- _PROBLEM DETAILS_: Shown below is a listing with pictures; reproduce exactly, and only, the lines between the ones containing "westory2024年秋季" and "The tridimensional images", inclusive, leaving the pictures out.

- _SOURCE RECORDS_:
****************************************

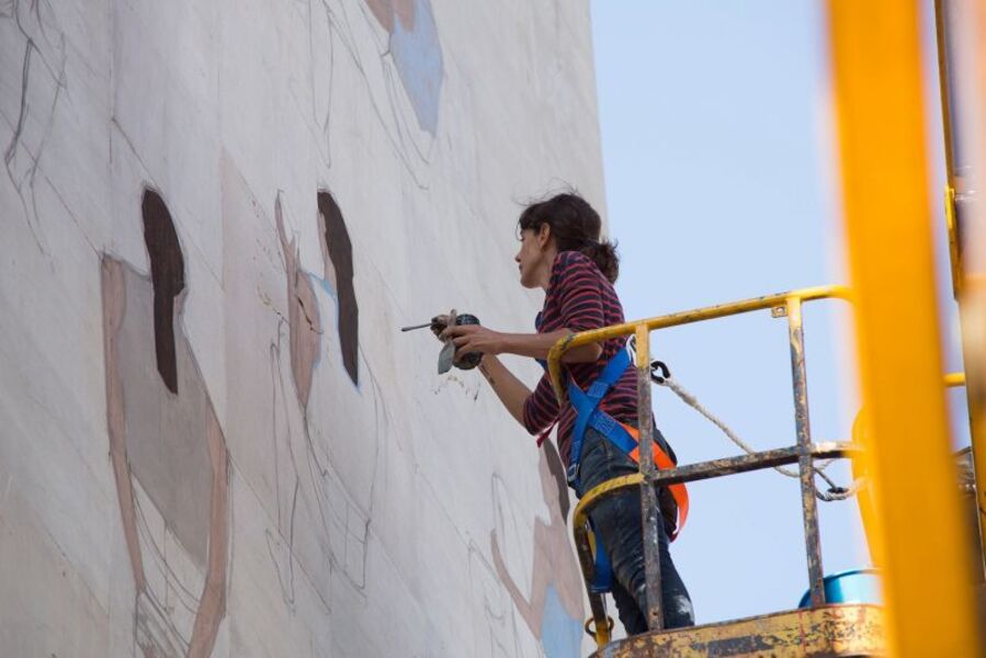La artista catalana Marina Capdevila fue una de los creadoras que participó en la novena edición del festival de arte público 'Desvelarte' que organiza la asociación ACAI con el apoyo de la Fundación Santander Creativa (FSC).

****************************************

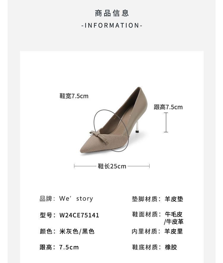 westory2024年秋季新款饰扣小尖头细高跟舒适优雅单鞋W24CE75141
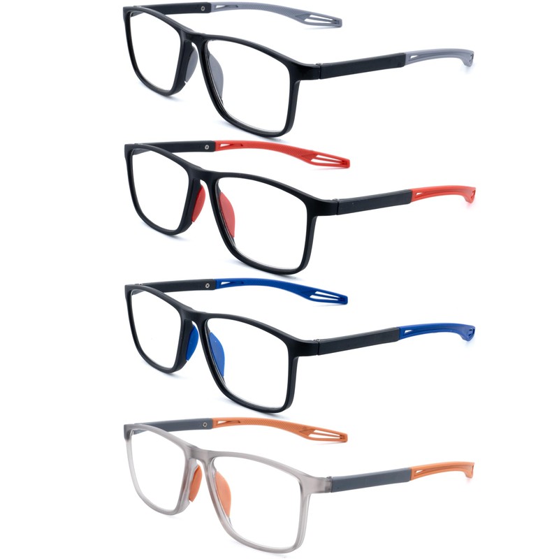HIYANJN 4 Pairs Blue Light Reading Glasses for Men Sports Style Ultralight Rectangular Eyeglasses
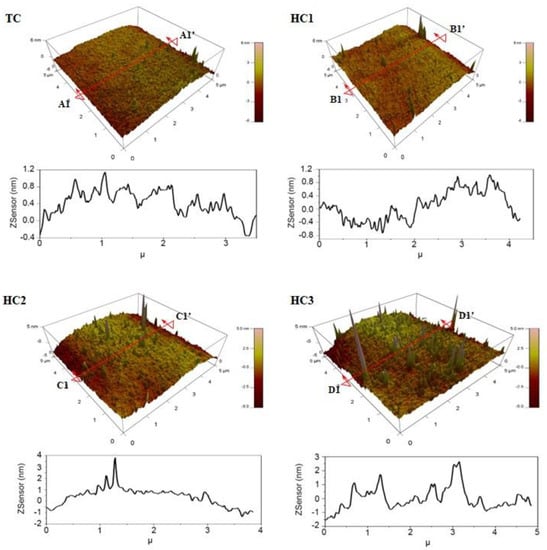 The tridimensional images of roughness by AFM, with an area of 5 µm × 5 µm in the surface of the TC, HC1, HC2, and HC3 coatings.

****************************************

- _RESPONSE TO THE EXERCISE_:
 westory2024年秋季新款饰扣小尖头细高跟舒适优雅单鞋W24CE75141
HIYANJN 4 Pairs Blue Light Reading Glasses for Men Sports Style Ultralight Rectangular Eyeglasses
 The tridimensional images of roughness by AFM, with an area of 5 µm × 5 µm in the surface of the TC, HC1, HC2, and HC3 coatings.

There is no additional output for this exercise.